## [What you should do]
In this exercise, retype exactly the lines from the start of the entries through the line bearing "Perfect for summer.", leaving every picture out.

[Data excerpts]
━━━━━━━━━━━━━━━━

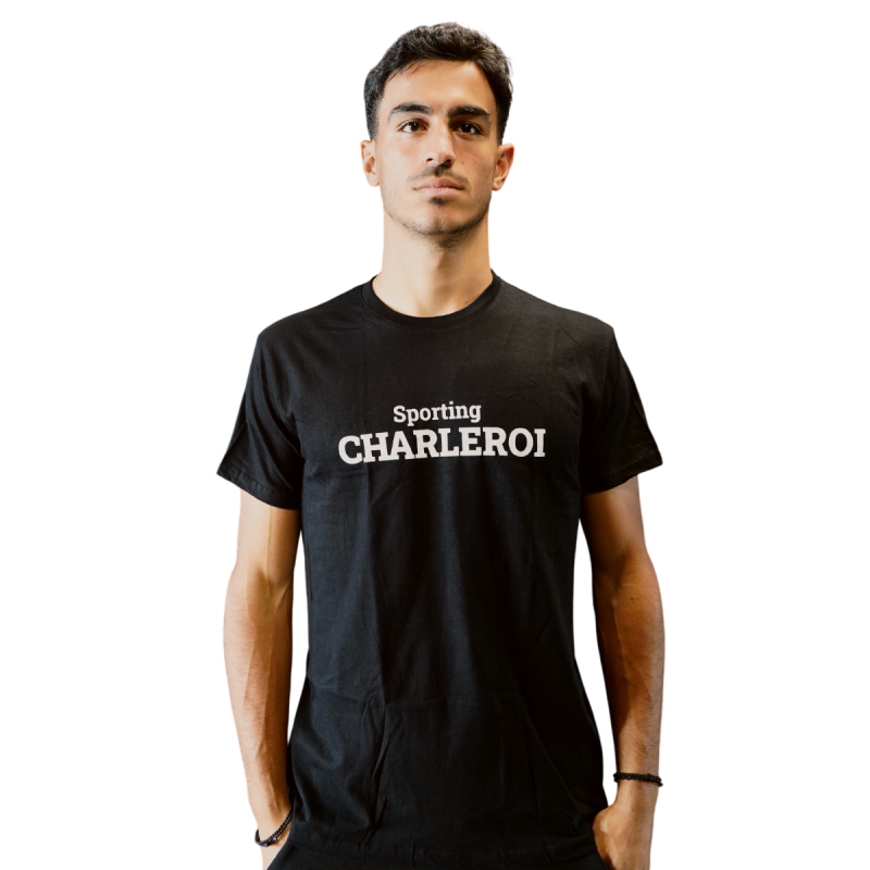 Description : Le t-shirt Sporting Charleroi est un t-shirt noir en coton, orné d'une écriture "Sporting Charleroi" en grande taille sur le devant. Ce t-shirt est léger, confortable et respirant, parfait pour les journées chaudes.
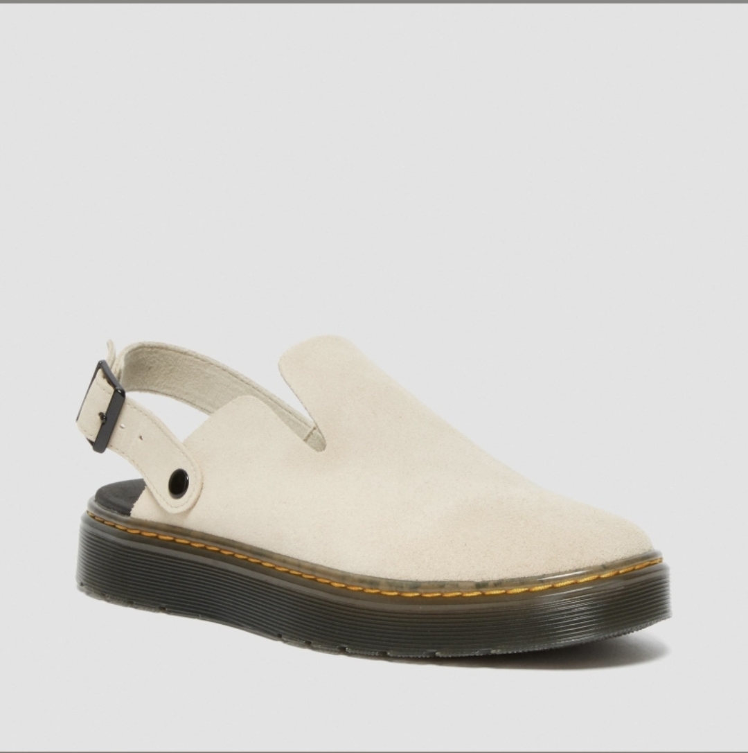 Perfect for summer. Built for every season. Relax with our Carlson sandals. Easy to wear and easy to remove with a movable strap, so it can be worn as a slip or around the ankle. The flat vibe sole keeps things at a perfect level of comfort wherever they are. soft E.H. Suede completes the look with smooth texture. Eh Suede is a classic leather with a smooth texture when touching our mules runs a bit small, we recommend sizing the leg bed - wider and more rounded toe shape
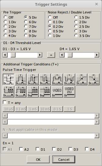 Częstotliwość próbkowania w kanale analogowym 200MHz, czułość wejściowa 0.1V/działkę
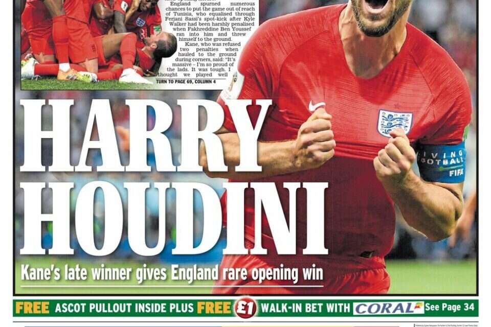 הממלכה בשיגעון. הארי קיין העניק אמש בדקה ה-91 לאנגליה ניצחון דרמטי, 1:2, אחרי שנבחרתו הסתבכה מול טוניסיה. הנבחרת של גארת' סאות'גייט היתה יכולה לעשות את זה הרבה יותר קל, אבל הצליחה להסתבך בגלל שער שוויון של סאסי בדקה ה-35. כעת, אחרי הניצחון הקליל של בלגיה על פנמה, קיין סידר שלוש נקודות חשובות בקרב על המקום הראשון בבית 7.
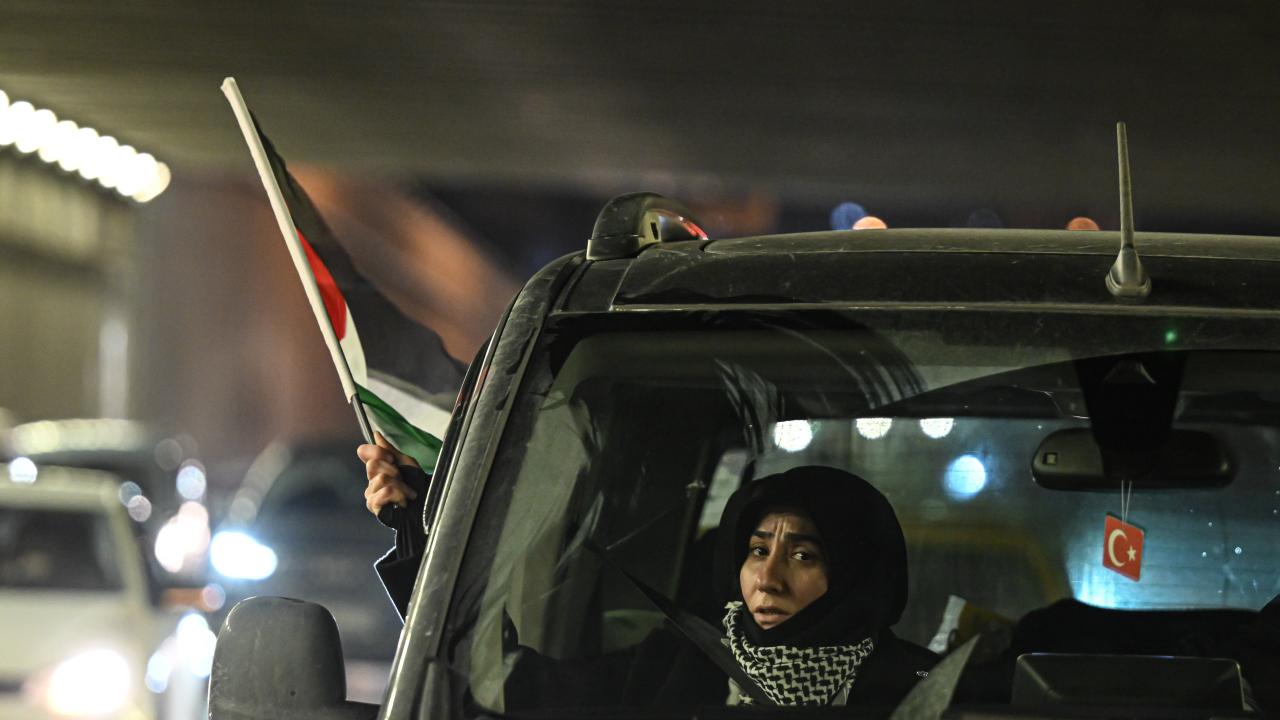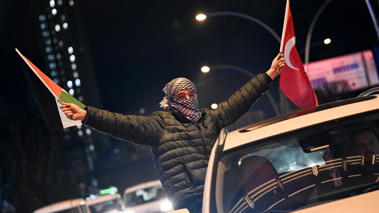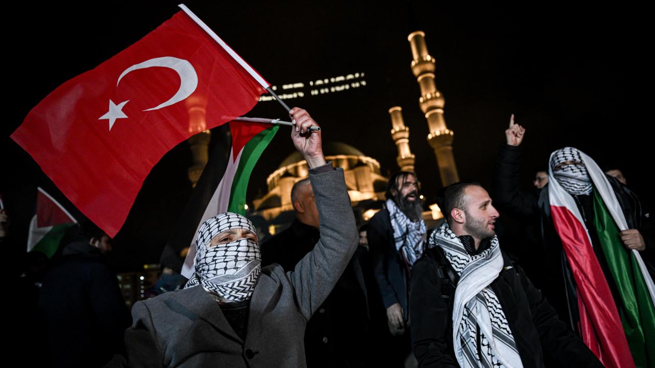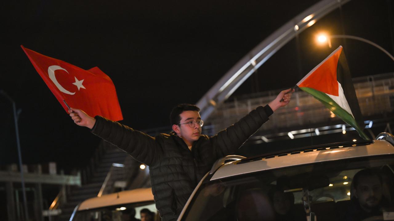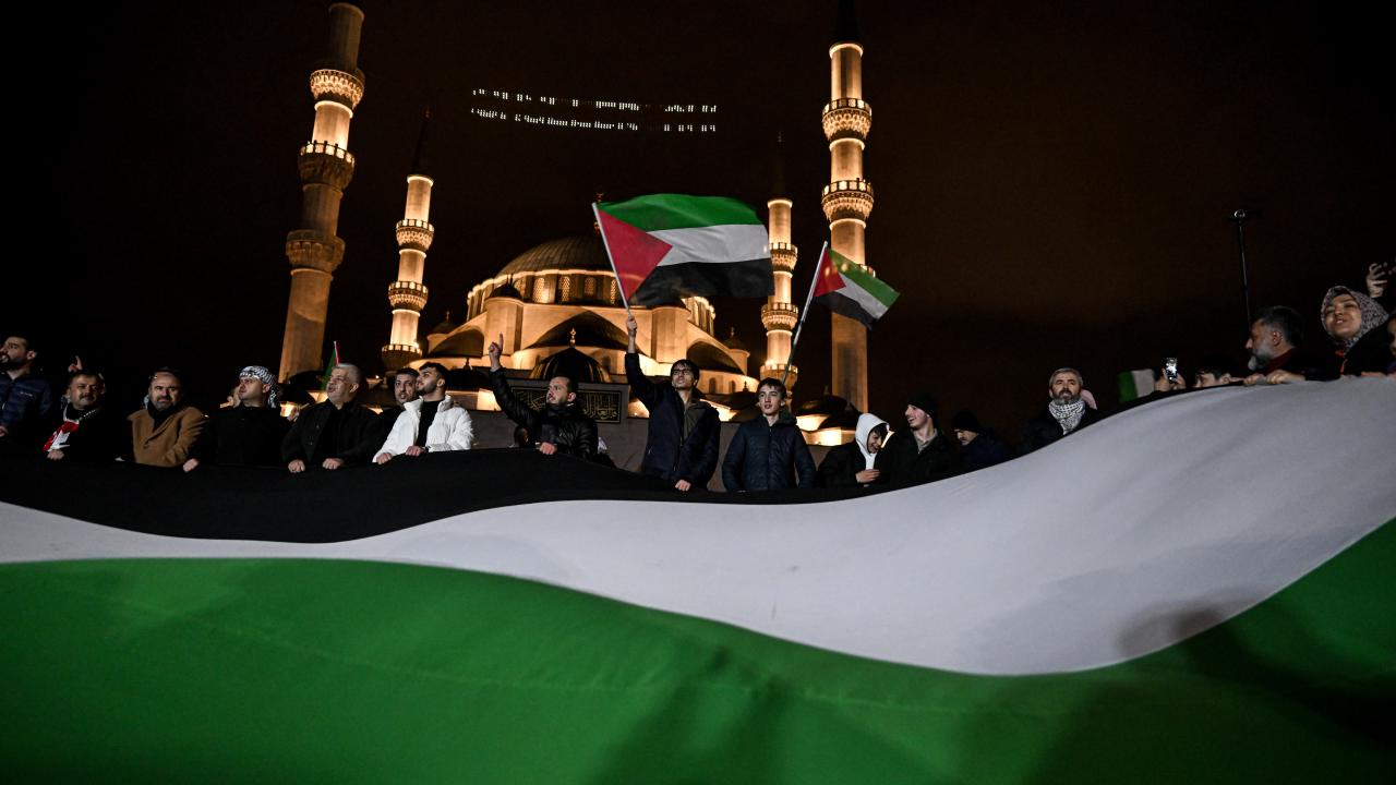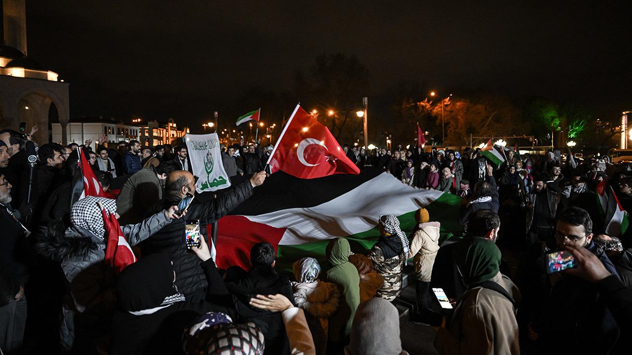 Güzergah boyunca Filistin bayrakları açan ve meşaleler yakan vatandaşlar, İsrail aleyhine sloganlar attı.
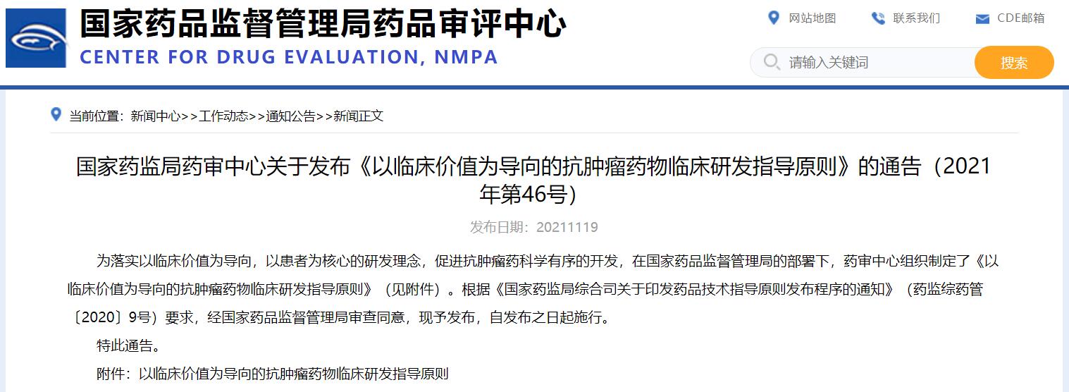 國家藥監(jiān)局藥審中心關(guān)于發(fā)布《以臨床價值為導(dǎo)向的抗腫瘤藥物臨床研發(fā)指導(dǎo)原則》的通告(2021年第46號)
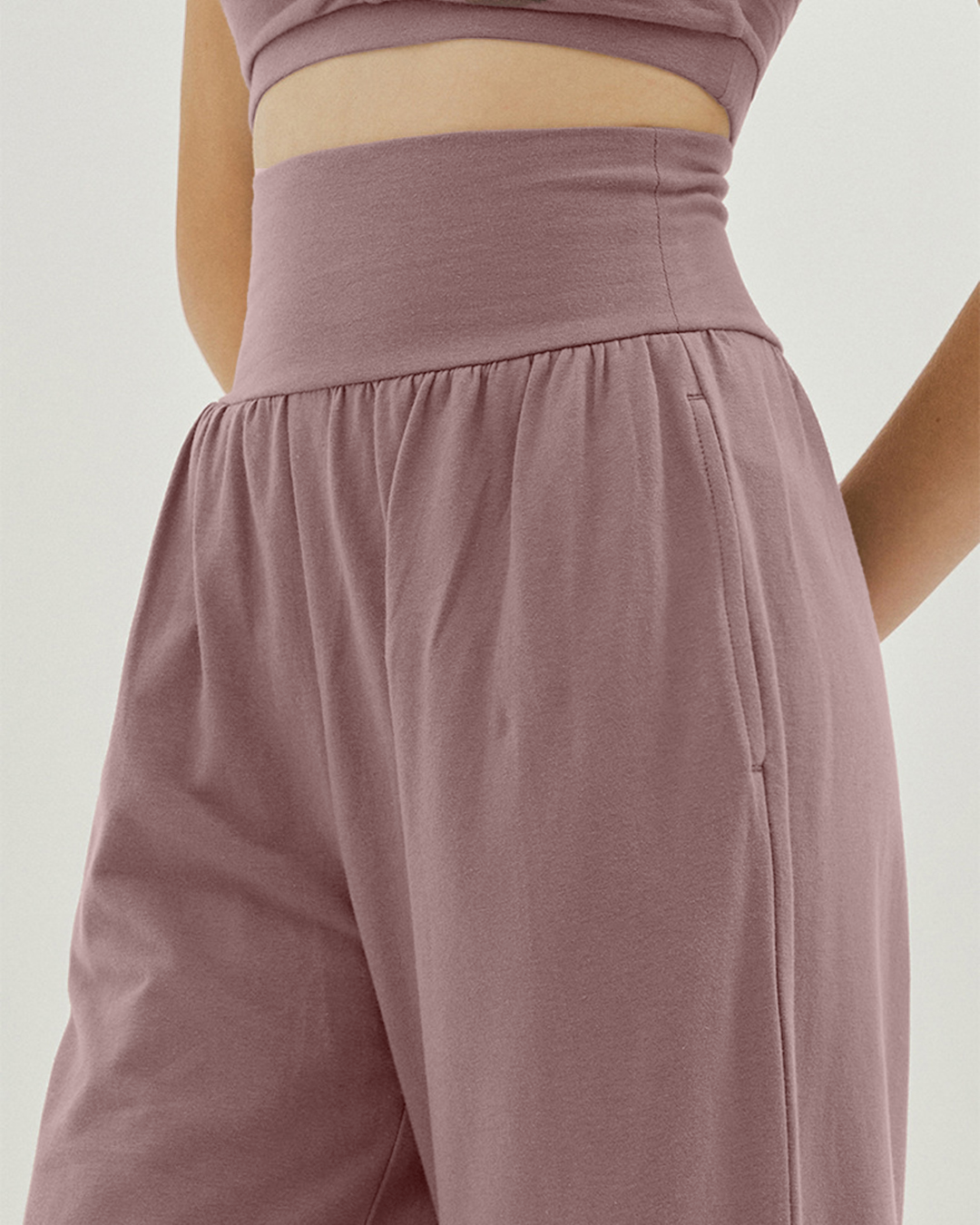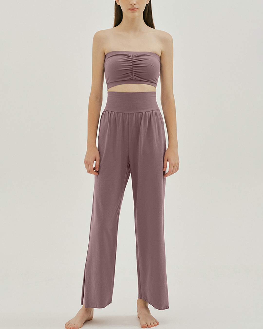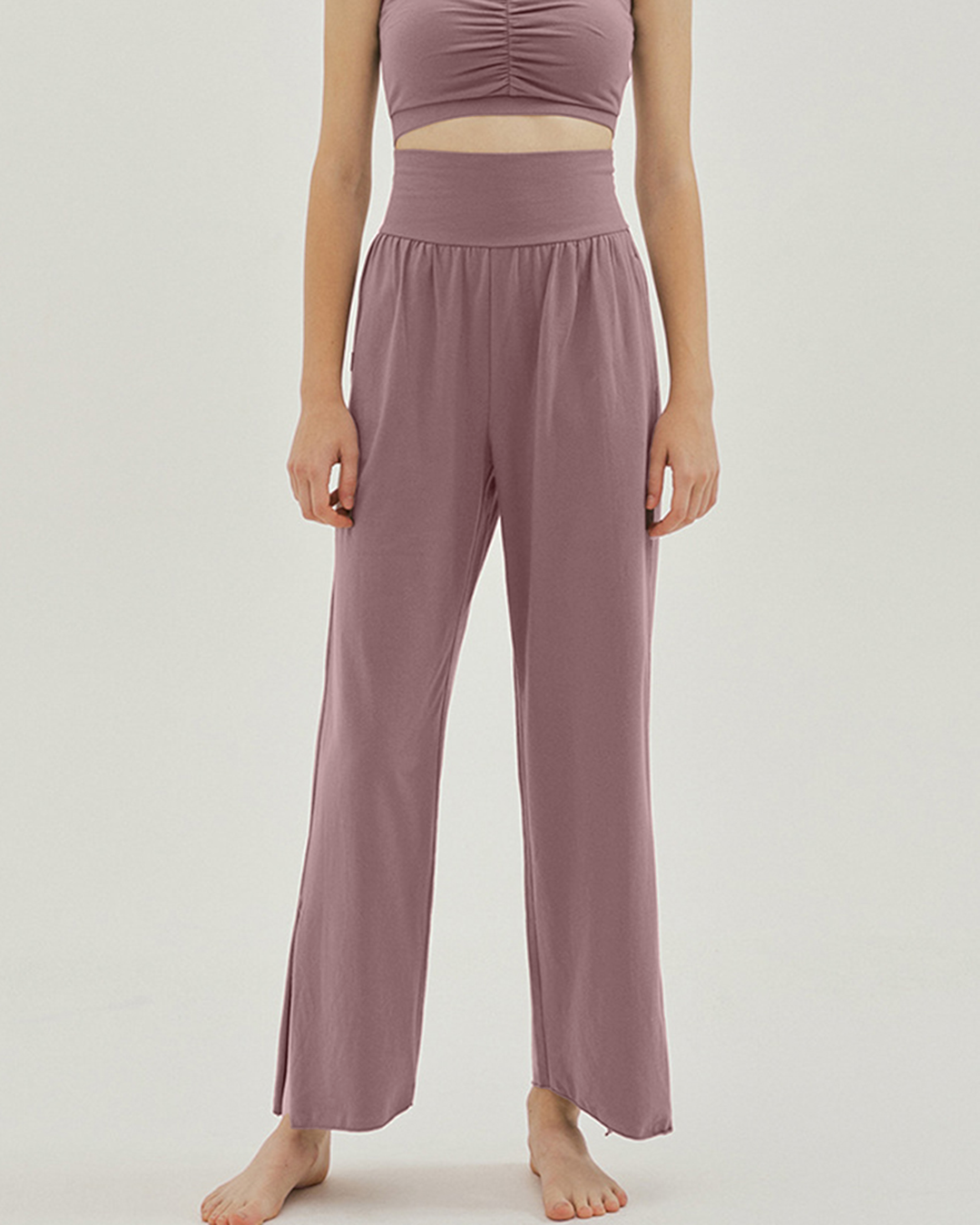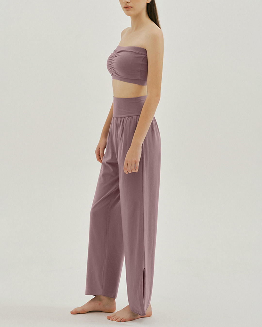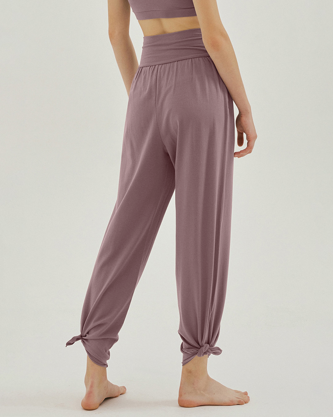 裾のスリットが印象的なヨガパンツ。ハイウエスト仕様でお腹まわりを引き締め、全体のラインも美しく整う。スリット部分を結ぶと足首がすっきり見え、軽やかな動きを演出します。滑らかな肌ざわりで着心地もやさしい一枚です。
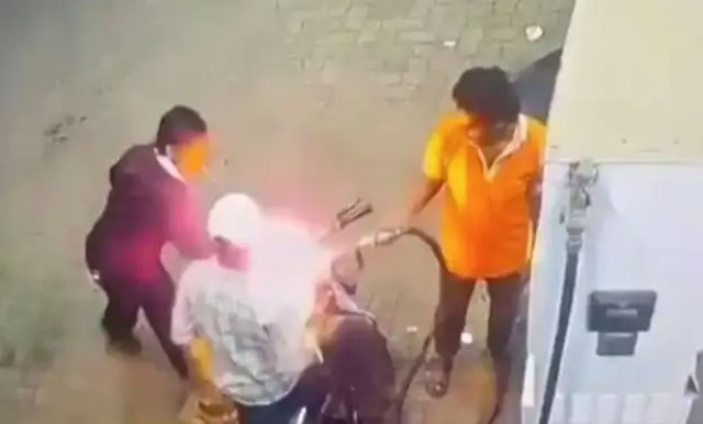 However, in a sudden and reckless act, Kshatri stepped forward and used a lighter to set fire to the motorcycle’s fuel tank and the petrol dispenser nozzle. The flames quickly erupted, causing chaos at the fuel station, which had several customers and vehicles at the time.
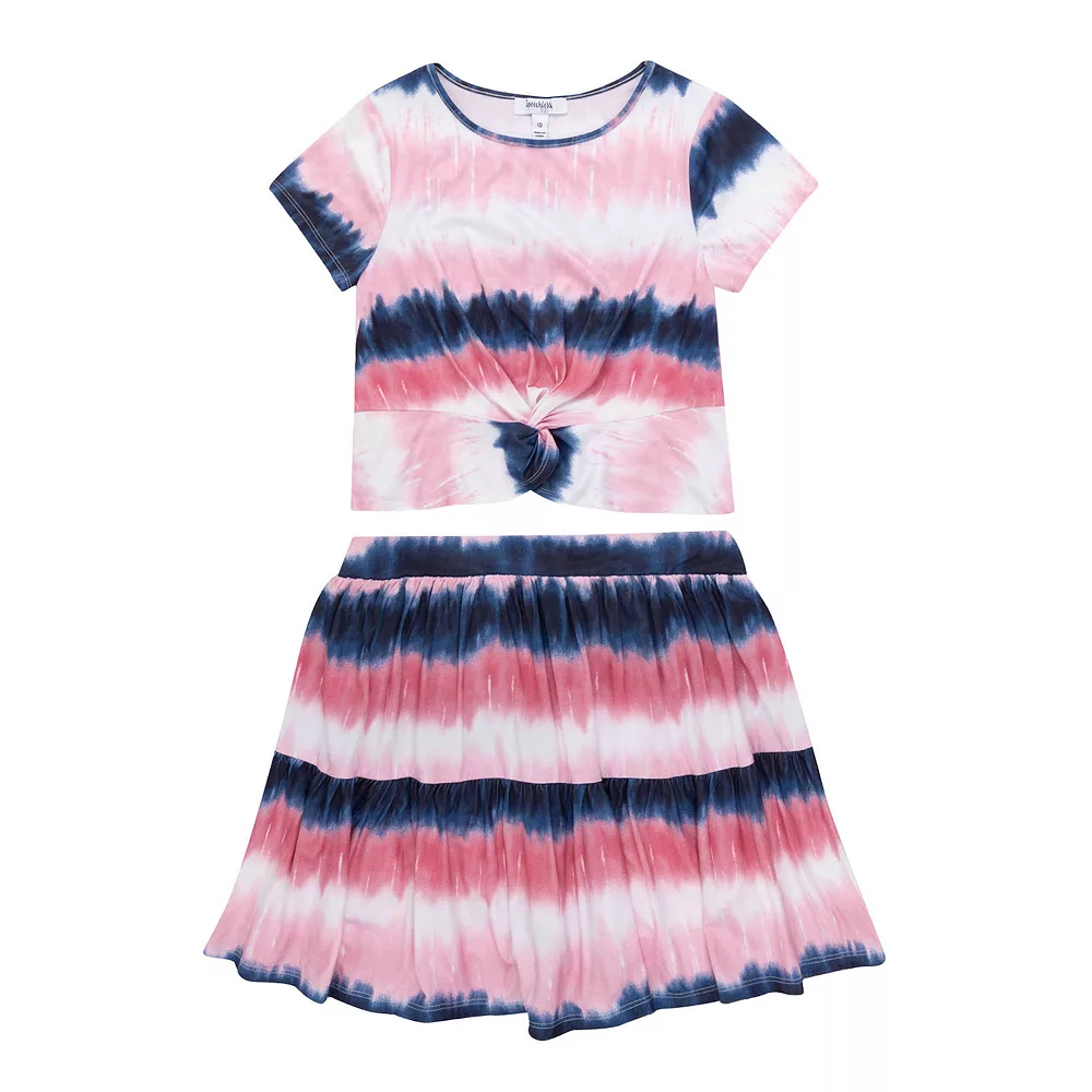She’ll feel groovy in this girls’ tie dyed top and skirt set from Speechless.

━━━━━━━━━━━━━━━━

## [Reply]
 Description : Le t-shirt Sporting Charleroi est un t-shirt noir en coton, orné d'une écriture "Sporting Charleroi" en grande taille sur le devant. Ce t-shirt est léger, confortable et respirant, parfait pour les journées chaudes.
 Perfect for summer. Built for every season. Relax with our Carlson sandals. Easy to wear and easy to remove with a movable strap, so it can be worn as a slip or around the ankle. The flat vibe sole keeps things at a perfect level of comfort wherever they are. soft E.H. Suede completes the look with smooth texture. Eh Suede is a classic leather with a smooth texture when touching our mules runs a bit small, we recommend sizing the leg bed - wider and more rounded toe shape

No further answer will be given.